Qual seria, atualmente, o interesse desta civilização avançada em nos contatar? … O avanço e a aplicação de seus conhecimentos, para nós, seriam distinguíveis de um ato mágico? Ou de um ato divino?
Atualmente a teoria que prevalece sobre a origem do universo é a do “Big Bang”, proposta pelo belga Georges Lemaître, em 1927. Como toda teoria ela permanecerá como explicação enquanto não for refutada. No momento ela tem sobrevivido aos críticos com poucos arranhões com base nas observações científicas possíveis. Segundo ela o universo teria se originado há aproximadamente 13,7 bilhões de anos a partir de uma região extremamente quente e densa. Nesta região não existiam partículas elementares (tais como os quarks) e tampouco as interações fundamentais estabelecidas pela física moderna. A convenção é de que a duração desse momento foi de 1 tempo de Planck, o que equivale à uma absurda fração de segundo com 43 zeros depois da vírgula, ou o menor volume e o menor intervalo de tempo possível para o universo. Considerando o conteúdo teórico de algo tão pequeno e por um tempo tão fugaz, ao mesmo tempo capaz de originar a miríade de galáxias hoje existentes, pode-se tentar imaginar o quão denso e quente teria sido este mingau original, e que, afinal, ele só poderia mesmo explodir!
Após a formação das partículas originais – dos primeiros segundos até os 3 primeiros minutos – a interação das forças físicas na expansão vertiginosa do plasma de quarks permitiu, agrupando-os em trios, a formação dos primeiros prótons e neutros, e a criação dos núcleos dos átomos de hidrogênio, hélio e lítio.

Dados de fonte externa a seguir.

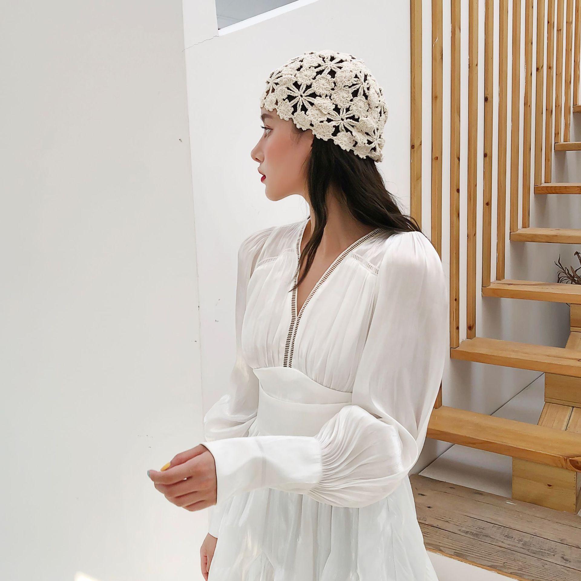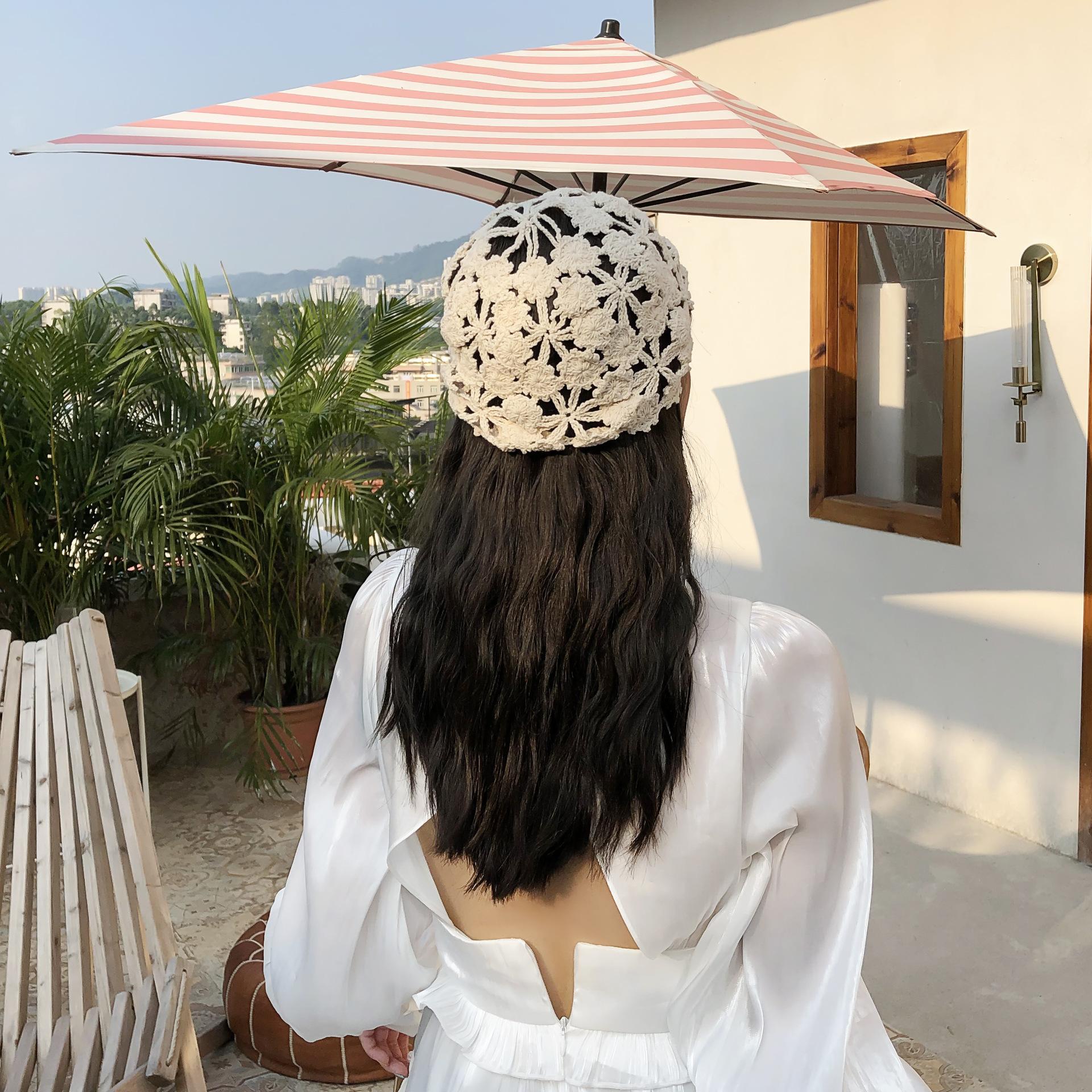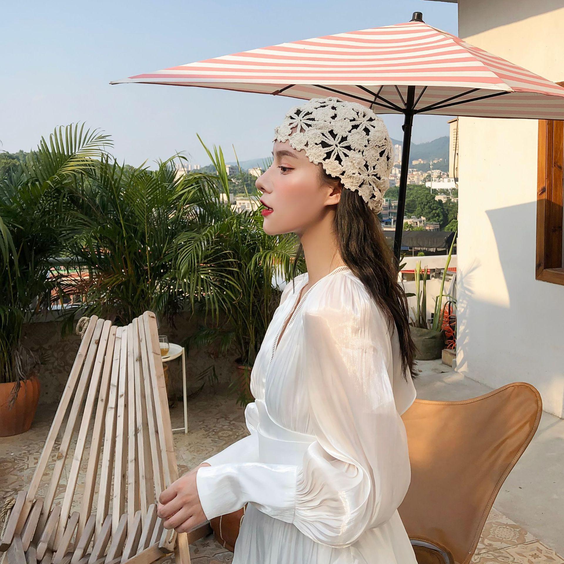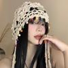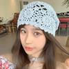 Gorro turbante transpirable con encaje de primavera y verano con flores tejidas a mano, gorro de punto de ganchillo para niños
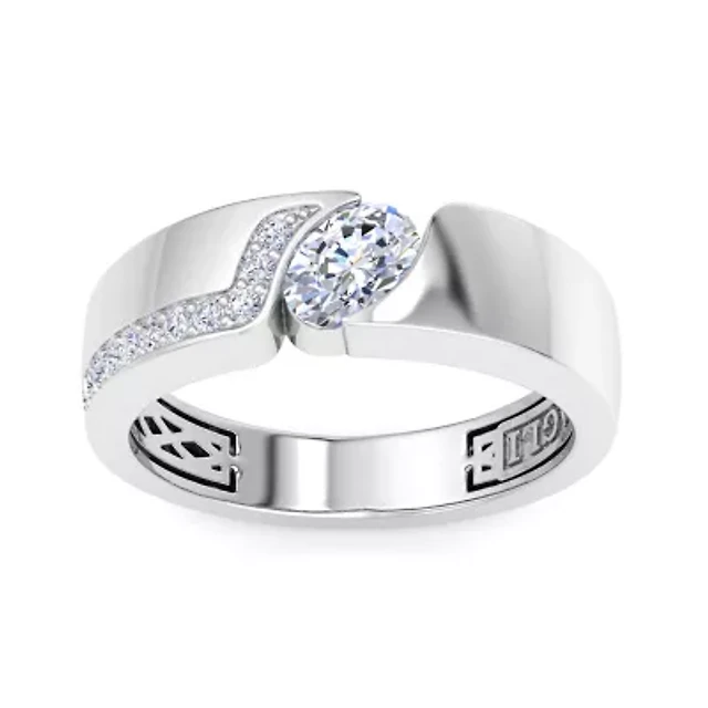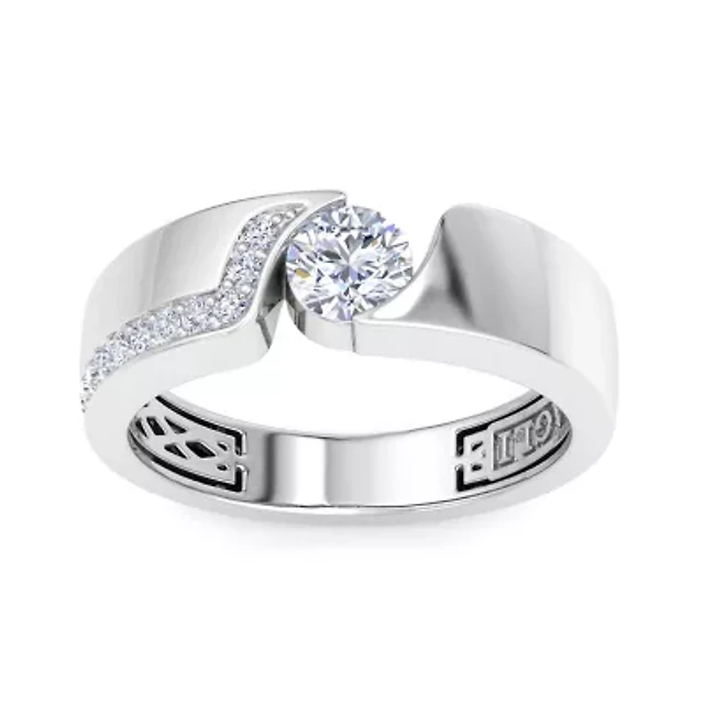 Lab Created Mens 1 1/2 Carat Round Shape Grown Diamond Ring Sterling Silver

O hidrogênio é o combustível fundamental de uma estrela e representa 75% dos elementos existentes no universo. Os demais elementos, com mais de 3 prótons em seus núcleos, tiveram que esperar a primeira geração de estrelas gigantes e a morte delas, cerca de 300 a 500 milhões de anos, pois foram gerados em suas entranhas, por fissão nuclear, quando elas entraram em colapso e explodiram. Desta forma, há 13,2 bilhões de anos surgiram no cenário universal os elementos que permitiriam a formação de planetas sólidos e o substrato para a vida. Entre eles o oxigênio, o carbono e o nitrogênio. O oxigênio é o sócio do hidrogênio na formação da água. Logo, a água, diluente e veículo indispensável para a vida como a conhecemos, só foi possível a partir deste momento. Mas o tempo entre a possibilidade de dois átomos de hidrogênio combinarem com um átomo de oxigênio para formarem a primeira molécula de água e o aparecimento real de água em estado líquido numa poça ignota sobre um planeta rochoso precisou esperar pelo menos mais 2 bilhões de anos. Pois foi necessário o nascimento de uma segunda geração de estrelas, e que entre elas existissem algumas com dimensões semelhantes às do nosso Sol para que não explodissem antes de darem uma chance à vida, e que entre essas estrelas algumas carregassem em suas órbitas planetas sólidos, não tão próximos da estrela para não serem quentes demais e nem tão distantes para não serem frios demais, e ainda não tão pequenos para que pudessem reter uma atmosfera e nem tão grandes para que a atmosfera não se transformasse numa prensa jupteriana.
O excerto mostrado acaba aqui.